1. This supports many various languages, such as Java, Scala, R, Python, which is useful in terms of API Support. The API support for multiple languages helps in working with many programming languages.

2. A wide range of data sources and formats are supported by DataFrame, which helps a lot to use a different source of data and their format conveniently.

3. One of the best parts about DataFrame is that it can even handle Petabytes of data, which is a remarkable ability to handle such massive data.

4. Apache Spark quickly understands the schema of DataFrame with the observation in Spark DataFrame. Under named columns, the Spark DataFrame’s Observation is organized. In this way, the plan of queries execution is optimized.

5. Massive Volume of Semi-structured and Structured Data can be quickly processed because it is designed to do it DataFrames.

Apache Spark Setup

Apache Spark should be set up in the machine before it can be started to use for DataFrame Operations. Data can be operated with the support of DataFrame as it supports various DataFrame Operations. Here we are going to discuss some common DataFrame’ operations.

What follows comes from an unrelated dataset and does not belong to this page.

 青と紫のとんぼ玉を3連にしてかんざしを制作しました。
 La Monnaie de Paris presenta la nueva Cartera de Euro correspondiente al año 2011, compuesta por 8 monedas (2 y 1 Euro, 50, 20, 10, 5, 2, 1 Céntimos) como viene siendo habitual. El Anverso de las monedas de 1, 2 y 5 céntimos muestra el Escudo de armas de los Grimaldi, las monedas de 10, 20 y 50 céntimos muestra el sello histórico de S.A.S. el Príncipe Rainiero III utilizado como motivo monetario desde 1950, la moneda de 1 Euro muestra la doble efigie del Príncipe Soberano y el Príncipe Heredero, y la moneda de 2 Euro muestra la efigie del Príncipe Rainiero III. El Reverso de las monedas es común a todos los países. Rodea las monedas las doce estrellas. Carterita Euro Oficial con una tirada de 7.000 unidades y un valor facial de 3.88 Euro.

The creation of SparkContext is the first step in the programming of Apache. For the execution of operations in a cluster, there is a requirement of SparkContext. How to access a cluster is told by SparkContext. It also shows the Spark about the location to obtain a cluster.

Read: Deep Learning Frameworks

Then the Apache Cluster connection is established. Its creation is already done if one is using Spark Shell. The other way, configuration setting, can be provided, initialized, and imported for creation of the SparkContext.

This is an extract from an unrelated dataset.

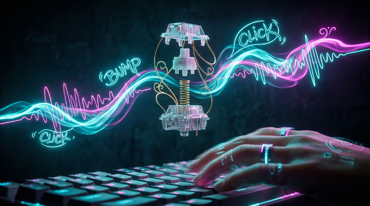 - Кликающие (Clicky). Те самые, про которые все думают, когда слышат «механика». Это тактильные свитчи с усиленной аудио-поддержкой. В них бамп сопровождается звонким, удовлетворяющим «кликом». Не просто щелчок, а сочный, механический звук. Не для офиса, конечно. Но дома… Это непередаваемое чувство. Печать превращается в симфонию. Как спортивное авто с рёвом мотора — не для всех, но фанаты понимают.

One can use this code for the creation:

from pyspark import SparkContext

sc = SparkContext()

DataFrame Creation from CSV file

A new library has to be specified in the shell of python so that the CSV file can be read. To do this, the first step is to download the latest version of the Spark-CSV package and do the extraction of the package in the Spark’s Home Directory. After that, we will open the shell of PySpark, and the package has to be included.

$ ./bin/pyspark –packages com.databricks:spark-csv_2.10:1.3.0

Now the DataFrame will be created after the data has been read from the CSV file.

train = sqlContext.load(source=”com.databricks.spark.csv”, path = ‘PATH/train.csv’, header = True,inferSchema = True)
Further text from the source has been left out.